Now im noticing that many of my duplicates are not defaulting to the new flac, anyway to adjust that behavior?

Also, since my syntax’s for titles are all over the place and my “-” is sometimes unspaced i’m not able to find or correct all my artists:

Do you know of any ways to extract the artist name based on a list of known artists? I think I can handle the unspaced “-” issue with some python (unless you’ve got a tool hiding in there somewhere)

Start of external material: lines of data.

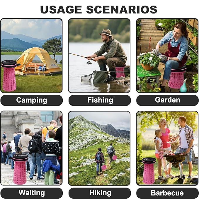• 【Wide-Application】 The camping stools is perfect for indoors and outdoors. Indoor occasions such as the living room, bedroom, bathroom, mountain, kitchen, beach, pool, office; Outdoor activities like camping, mountain, fishing, hunting, hiking, BBQ, picnic, queuing, gardening, golf. Notice: More Sturdy and More Height Telescoping Stool with Cushion you will like it!
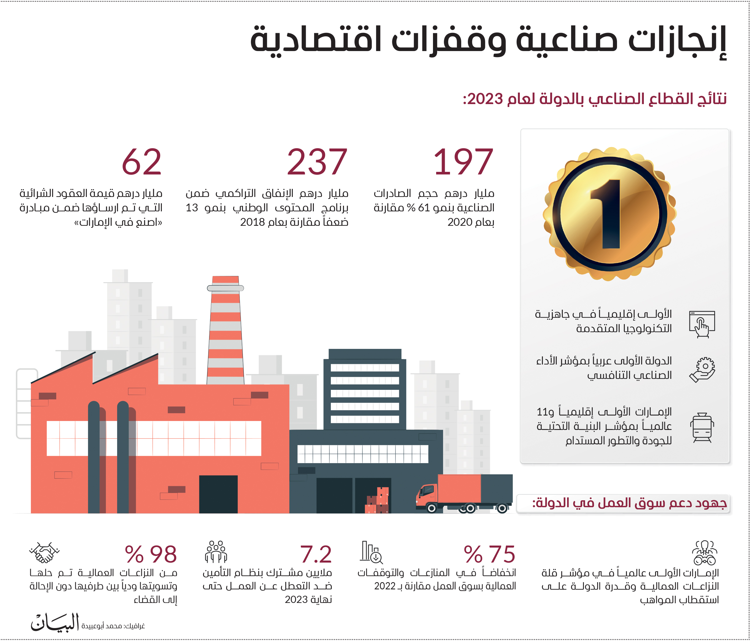 وبلغت مساهمة القطاع الصناعي في الناتج المحلي الإجمالي في عام 2023 ما يقدر بنحو 197 مليار درهم بنسبة نمو 49 % مقارنة بعام 2020، وبلغت الصادرات الصناعية في 2023 ما يقدر بنحو 187 مليار درهم بنسبة نمو 61 % مقارنة بعام 2020، وأسهم قطاعا البتروكيماويات والمنتجات المعدنية بنسبة 38 % من القيمة الصناعية المضافة في عام 2023، وأسهمت قطاعات المعادن ومواد البناء والأغذية والمشروبات بأكثر من 47 % من إجمالي الصادرات الصناعية في عام 2023.
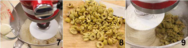 the remaining water, in which you have dissolved the salt and oil 7. Knead for about 10 minutes, add the pre-fermented dough, and when the mixture becomes homogeneous, remove the paddle, replace it with the dough hook, and continue kneading (another 10 minutes) until the dough wraps around it (you may need to add a little flour on the sides of the bowl). During the process, at least a couple of times, stop the machine and use a spatula to clean the sides of the bowl and flip the dough. One minute before finishing kneading, add the roughly chopped olives (8-9) and pat them with absorbent paper.
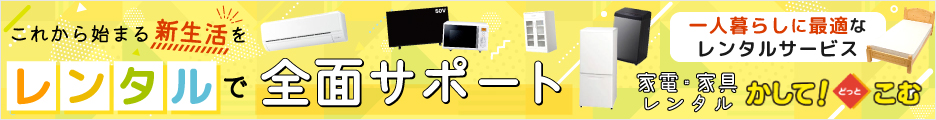家電・家具レンタル専門サイトです。家電・家具レンタル業界では最大級の品揃えで新品、中古商品それぞれ幅広く取り揃えています。一人暮らしや単身赴任などの際に使えるシングル向けアイテムから、増築時などの仮住まい先でご家族でもご利用いただけるファミリー向けアイテムまで、豊富に取り揃えています。
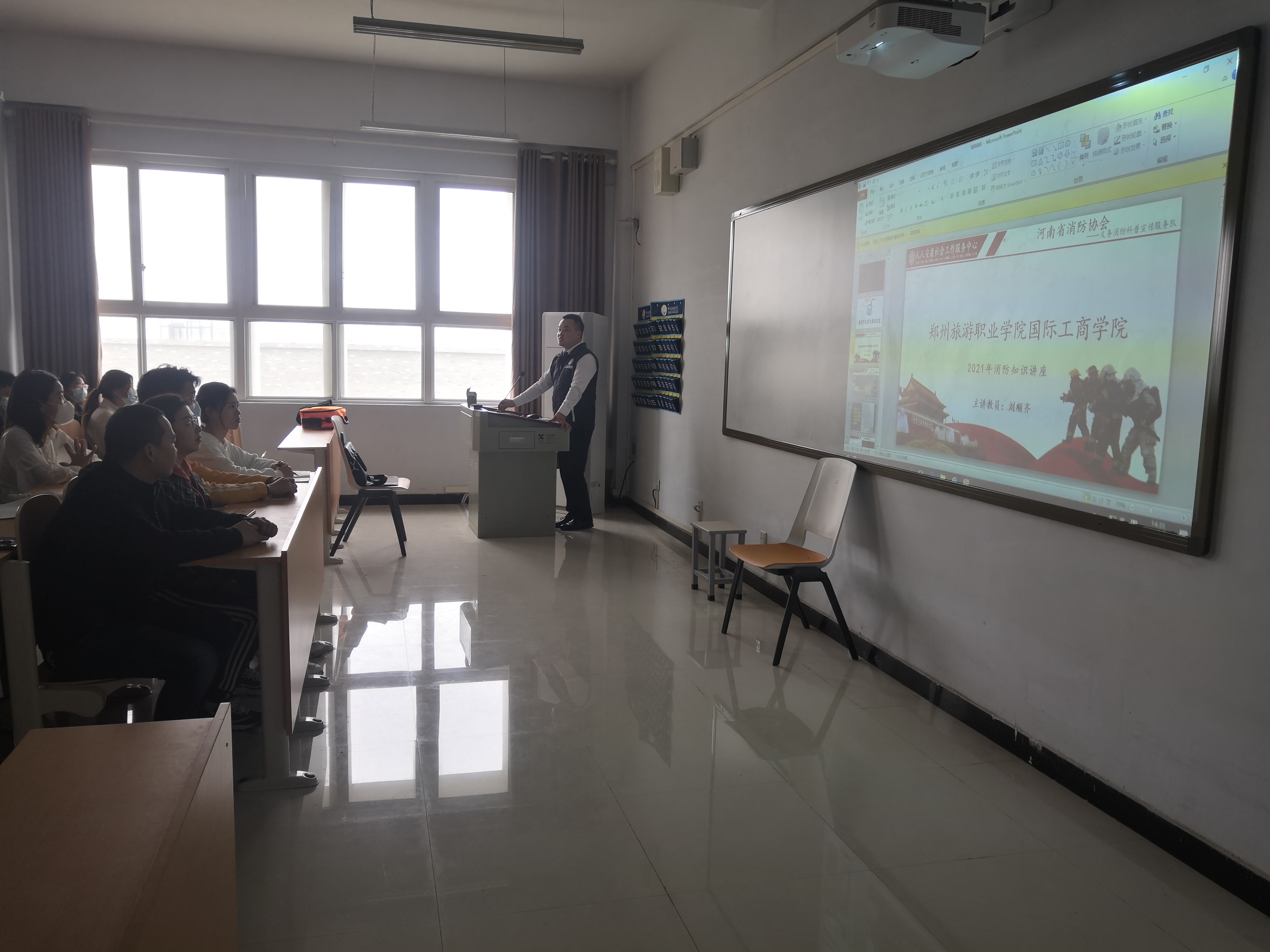 为进一步加强国际工商学院全体师生消防安全意识,全力普及消防安全知识。4月14日,国际工商学院邀请河南省消防安全协会刘顺齐教员在1B教学楼606教室开展消防安全知识培训讲座。参加本次培训会的有团总支书记谢锡莹,辅导员张权及2020级安全员。

dankie8948 · April 13, 2024, 5:17am

Well heres what I came up with to fix the unspaced dashline issue, haven’t fully tested it yet and I don’t know if its going to break anything so if anyone with this issue finds this code and wants to try it, be wary and absolutley DO NOT apply it to your main library yet, you will also have to pip install mutagen and have python

import os
from mutagen.id3 import ID3, TIT2

def add_single_space_around_hyphen(description):
“”"
Adds a single space around each hyphen in the given description.
“”"
modified_description = description.replace(‘-’, ’ - ')
# Remove any extra spaces around hyphens
modified_description = ’ '.join(modified_description.split())
return modified_description

def process_mp3_titles(directory_path):
“”"
Processes MP3 titles in the specified directory.
“”"
for root, _, files in os.walk(directory_path):
for filename in files:
if filename.lower().endswith(‘.mp3’):
mp3_path = os.path.join(root, filename)
try:
audio = ID3(mp3_path)
if ‘TIT2’ in audio:
mp3_description = audio[‘TIT2’].text[0]
modified_description = add_single_space_around_hyphen(mp3_description)
audio[‘TIT2’] = TIT2(text=[modified_description])
audio.save(mp3_path)
print(f"Modified title in ‘{filename}’“)
except Exception as e:
print(f"Error processing ‘{filename}’: {e}”)

if name == “main”:
mp3_directory = r"D:\hyphon space insurance python tests" # Replace with your actual directory
process_mp3_titles(mp3_directory)

dankie8948 · April 13, 2024, 5:30am

Props on the undo button, just saved me hours haha

Christiaan · April 13, 2024, 6:58am

Lots of info in the manual: Find Duplicates

It takes FLAC first because it has higher bitrate and more cues in this case.

You can use the Replace Text recipe to replace the dash with a space dash space.